# pastiage



## isaac (Jun 9, 2001)

hey all. i have no clue how to spell it but i would like to start working with pastiage. can ya all give me some info about it and how to work with it and maybe a recipe for it.

thanks


----------



## kimmie (Mar 13, 2001)

Isaac,

For pastillage, just click here

Good luck in your search.


----------



## w.debord (Mar 6, 2001)

Sorry Issac I just spent my last 1/2 hr. typing a response for you and I lost it accidentally....I'll come back and re-explain when I can get a chance.


----------



## w.debord (Mar 6, 2001)

Here I go again....hopefully.

Although it's good to learn how to make your own gum paste, I don't and I'd bet most pastry chefs don't either. You can buy it through several sources, some sell it premixed ready to use and some sell it as a mix where you add h2o. "Sweet Celebrations" it's a baking catalog and "Wilton" both carry it, they also have alot of interesting tools and cutters. 

Often your rolling out the dough to a certain thickness and then using a cookie cutter to get the right shape for you petals. Then you form your flowers from there. So a good place to start is with Wilton, they sell a set of cutters for gum paste (at a reasonable price)and an instruction booklet comes with it.
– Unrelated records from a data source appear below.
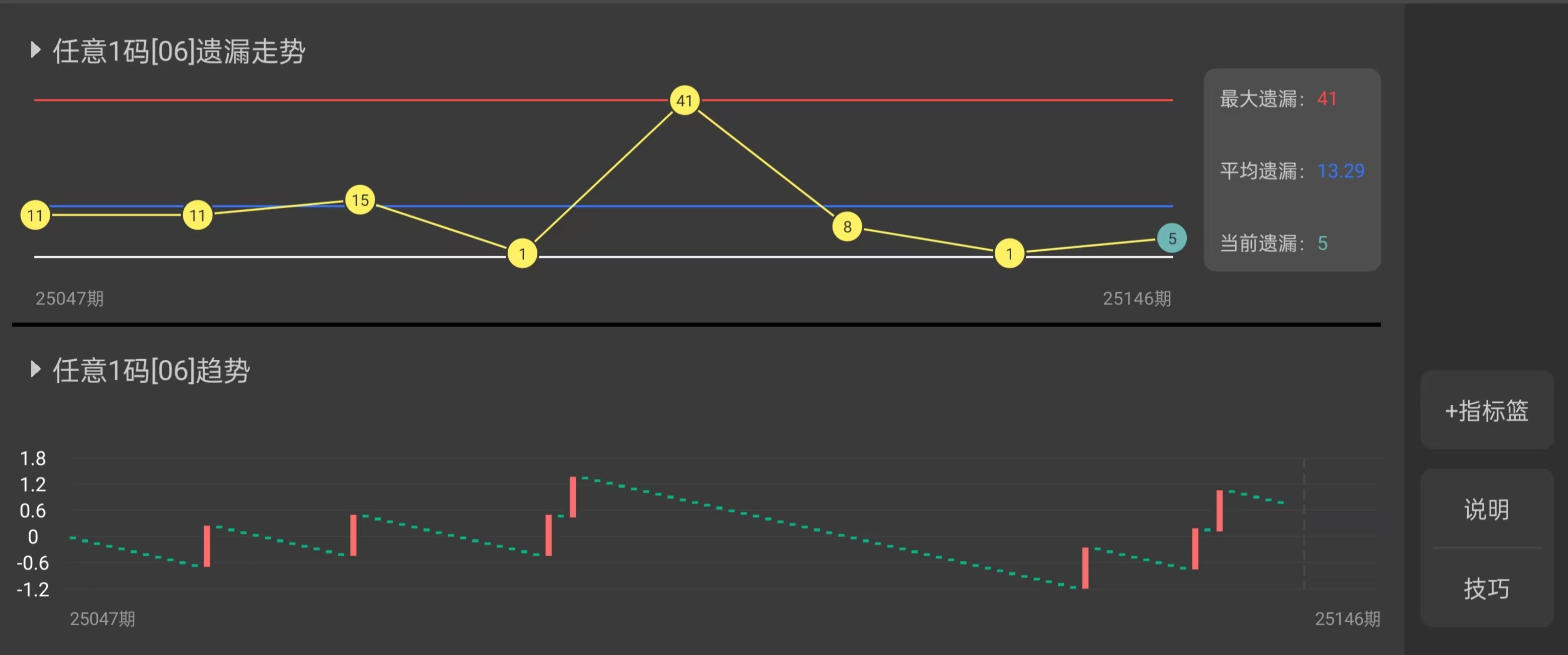 由于蓝球每期仅一个号码,其每期的“中位数”和“平均数”即为该号码本身。因此,分析重点转向这11个蓝球号码的集合。计算得出,这11期蓝球的总体平均数约为8.8,而总体中位数为6。平均数是所有值的算术平均,受极值影响较大;中位数则将数据一分为二,更能反映典型位置。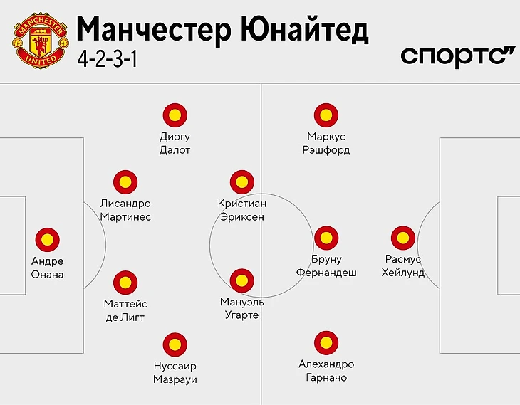 Линия обороны оптимальная. В полузащите понадобится мощное разрушение и контроль: дуэт Кристиана Эриксена и Мануэля Угарте выглядит сбалансированным для этой задачи.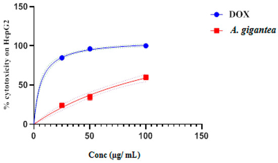 The Department of Cell Culture (Vacsera, Egypt) provided the HepG2cell line. The cells were cultured in a PYR-free 1640 RPMI medium (Thermo Fisher Scientific). The medium was made up of 10% FBS, 1% HEPES, and 1% antibiotic/antimycotic combination (LONZA). Different quantities (500, 250, and 125 g/mL) of the A. gigantea extract and doxorubicin (DOX) (as a standard drug) were applied following attachment of the cells (7000 cells/well) on 96 tissue culture plates. The plates were then incubated at 37 °C in 5% CO2 for 24 h. Cell viability was detected using a crystal violet assay following the general procedure previously described [19].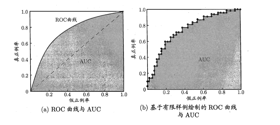 若一个学习器 A 的 ROC 曲线被另一个学习器 B 的 ROC 曲线完全包住,则称 B 的性能优于 A 。若 A 和 B 的曲线发生了交叉,则谁的曲线下的面积大,谁的性能更优。 ROC 曲线下的面积定义为 AUC ( Area Uder ROC Curve ),不同于 P-R 的是,这里的 AUC 是可估算的,即 AOC 曲线下每一个小矩形的面积之和。易知: AUC 越大,证明排序的质量越好, AUC 为 1 时,证明所有正例排在了负例的前面, AUC 为 0 时,所有的负例排在了正例的前面。

Small flowers are much easier to make than large ones that require many steps (I'd suggest you start with small ones). Most books teach you to insert wires into your flowers. But you don't have to do that (it's not always easy) until you've gotten more comfortable with the paste. You can use royal icing to apply and finish you flowers. You can check out a cake I posted at webfoodpros.com (look under the post "need help from a wedding cake expert please") where I made small flowers with-out wires and used royal to finish on a wedding cake I did. Looks hard but it turned out to be much easier than I had thought. 

You have to take all the warnings about wrapping your dough tightly so it doesn't dry out seriously (especailly when your storing it for a long time). Yet don't panic over constantly covering every tiny piece when your working with a small amount. Usually if you knead it abit it will soften back up.

After your gum paste dries a day or two later, you can paint color onto it. Use powdered food colors with vodka or clear vanilla extract (also from Wilton). Food coloring pastes are tricky to use on gum paste.

As far as books, I'd recommend Wilton as your first introduction. There are tons of great decorating books, Beryl's sells a nice selection. But you don't need to invest as much money on cutters and books as some decorating books would lead you to think.


----------



## lotuscakestudio (Jun 28, 2001)

I agree that for someone getting started, the Wilton set of cutters can't be beat for price. It's still only $20 for all those cutters and the instruction book. If you lose interest, then you're only out $20. The downside is that it's frustrating to work with such poor quality cutters. Their modeling tools also have such annoying seams that even filing couldn't help. If this is something you want ot get into, it's worth it to invest in quality cutters and tools. You get what you pay for.


----------